Rp Verlaine lives and writes in New York City. He has an MFA in creative writing from City College and taught English in New York public schools until he retired. His first volume of poetry, Damaged by Dames & Drinking, was published in 2017 and a second collection, Femme Fatales Movie Starlets & Rockers, in 2018. A set of three e books titled, Lies From The Autobiography 1-3 followed in years 2018-2020.
Before Confession
Disloyal romantics we collect for evidence the residual lipstick traces each of our wide mouths have spit out with such disdain. Our accelerated breathes desires errant messengers increasing with each kiss. Taking off her boots see my face in the leather drunk and blurred. We do not look once. at the large silent crucifix upon the wall as if judging. Her silhouette unmatched in the darkness I am half sure during the prolonged intimacy where my eyes remain closed. I never hear her leave her boots make not a sound Like Armenia’s Saint James the silent his tongue still for years. Blushing I offer prayers 6 a.m. the church is still closed But lapsed in faith and belief I will wait at the doors I have much to confess.
Tedium Fails To Blink
Reading her mind skipping several chapters The illusion she presents to make things clear. Yet she hides in each embrace thinking of her X. Sending me cryptic messages with a daunting silence. From different rooms we watch the total eclipse feeling it. Accusations flying back and forth like lost acrobats. Just another thing to repair with whiskey till it doesn't work Rehearsing death before going to hell is all we know.

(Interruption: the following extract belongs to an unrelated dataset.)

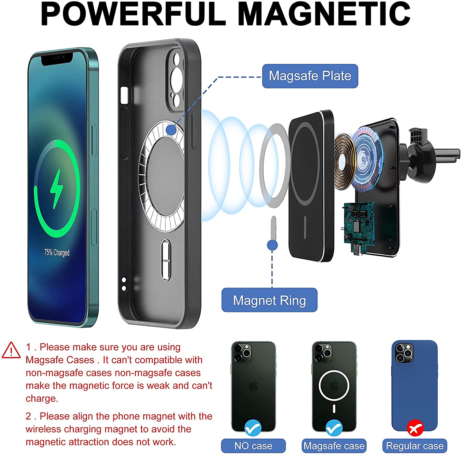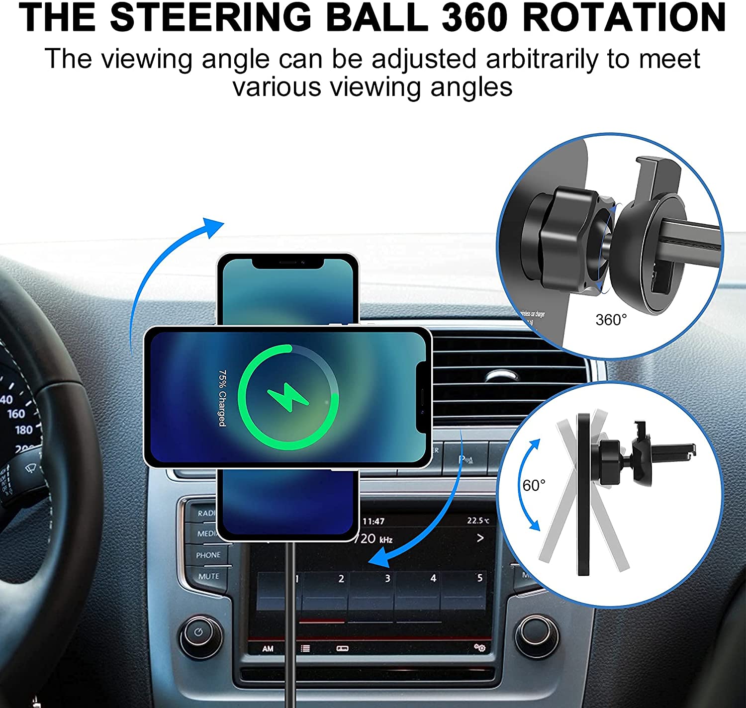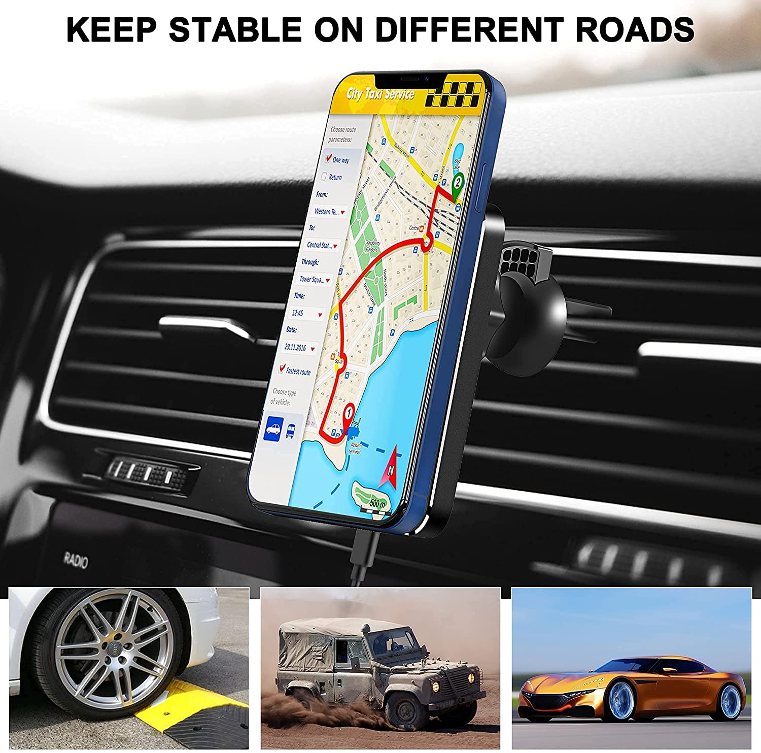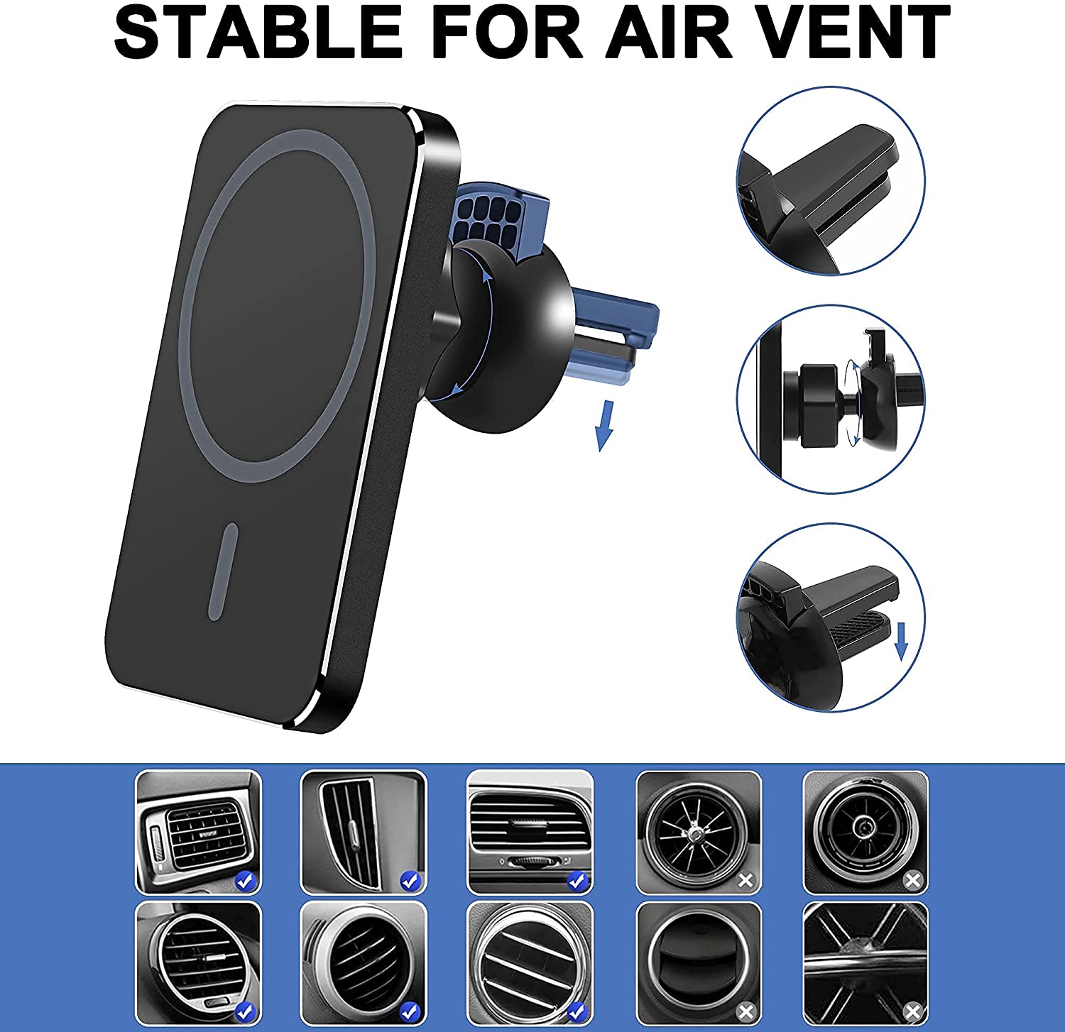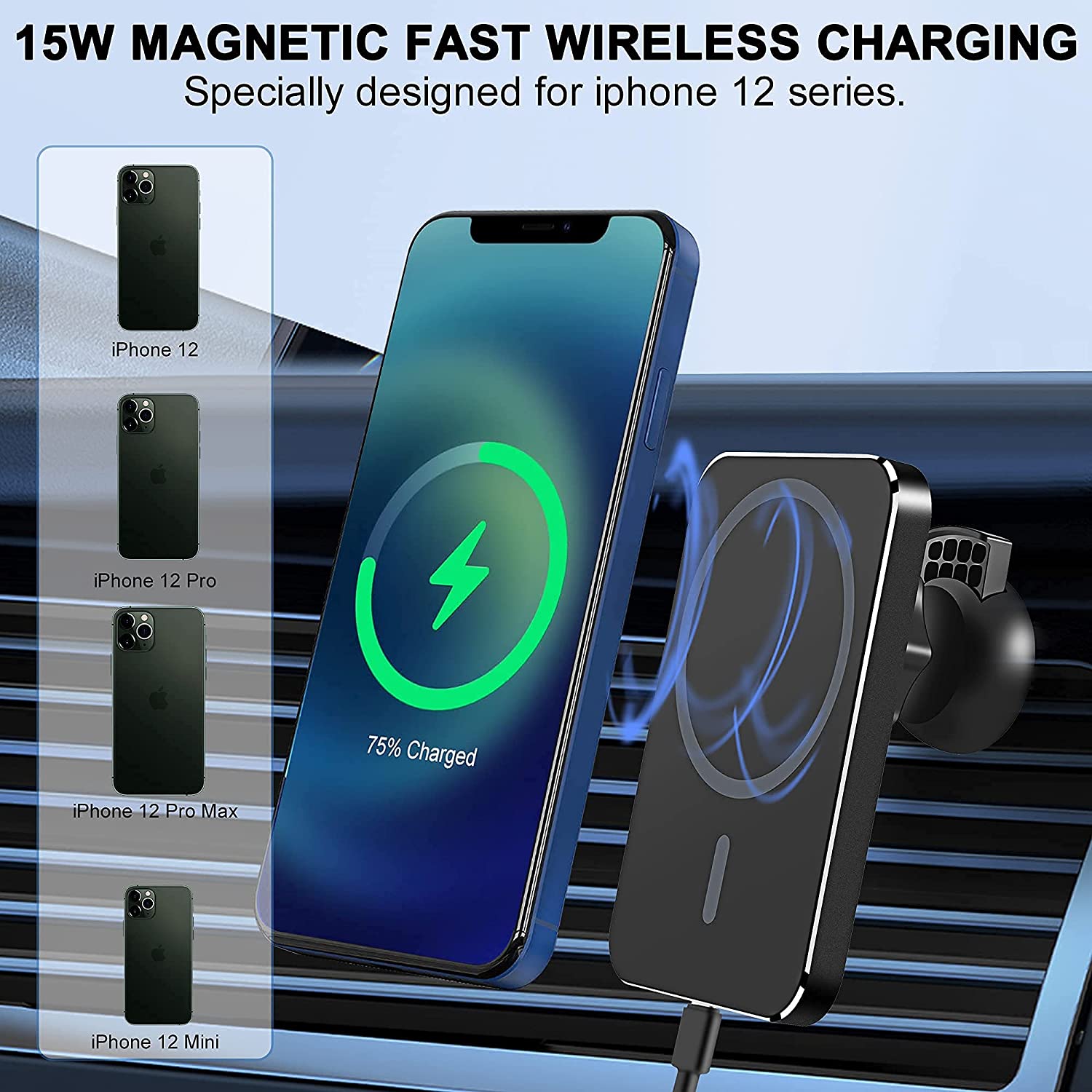 Magnetic Wireless Car Mount Charger, 15W Fast Charge Auto-Alignment Air Vent Phone Holder Stand 360В° Rotation Compatible with iPhone 12/13 Mini/Pro/Pro Max
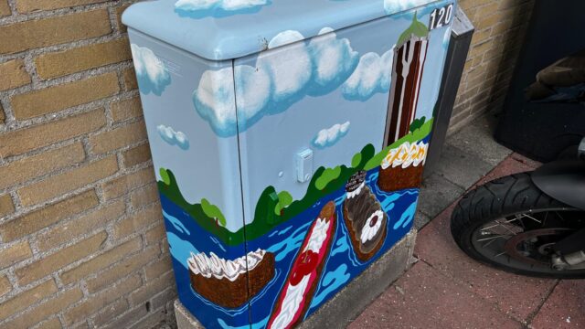 Extra leuk voor de jonge artiest ‘Dropzone’. Hij maakte een echte jongerenkast, vlakbij de Triade en het skatepark. Het leverde een fel gekleurde combinatie op van graffiti en skateboarding. ‘Aalsmeerse kunst langs de weg’, stond vorige week al in deze krant. De makers van de twee nieuwe kunstkasten op de Molenvlietweg waren nog niet bekend. Het blijkt om Engelien en Jakobien van der Weijden te gaan. Moeder en dochter hebben al eerder samen geschilderd. Deze keer hebben ze kenmerkende Aalsmeerse elementen in een creatieve blender gegooid en zijn aardbeien, de leeuw en de paling geschilderd. Omdat de twee kasten zo mooi naast elkaar staan waren ze ideaal voor twee gezellige schilderdagen. Pascal de la Haye maakte in augustus al de eerste kasten van dit jaar. Op verzoek van Hulleman Brood en Banket in de Ophelialaan maakte hij ook een creatieve variant op een ‘typisch Aalsmeers tafereel’: vijf smaken pramengebak varen naar de watertoren.

Smashed Chairs and Broken Glass
At 39, she had it all together the way few women do. Spoke a different language while using the same words as I. Wasn’t constantly looking at her phone like the younger ones who can only be in love with rejection or chaos. Said Bukowski was her favorite poet till she read my books. I wanted to believe her but her eyes were impenetrable, and Every step she took spoke of the distance to come. When after visiting desire’s trapdoors, I’d be left with smashed whiskey bottles and broken furniture. Destroyed without solace by both love and undying rage. But that first night, we stripped near the door and I took her four times standing up, on each wall in her studio. She screamed as if she was the victim of lust at a crime scene. Later telling me, I had made her feel something different and long forgotten. To that I say Perhaps. Yet weeks later, I ended up being right about the whiskey bottles and the broken furniture.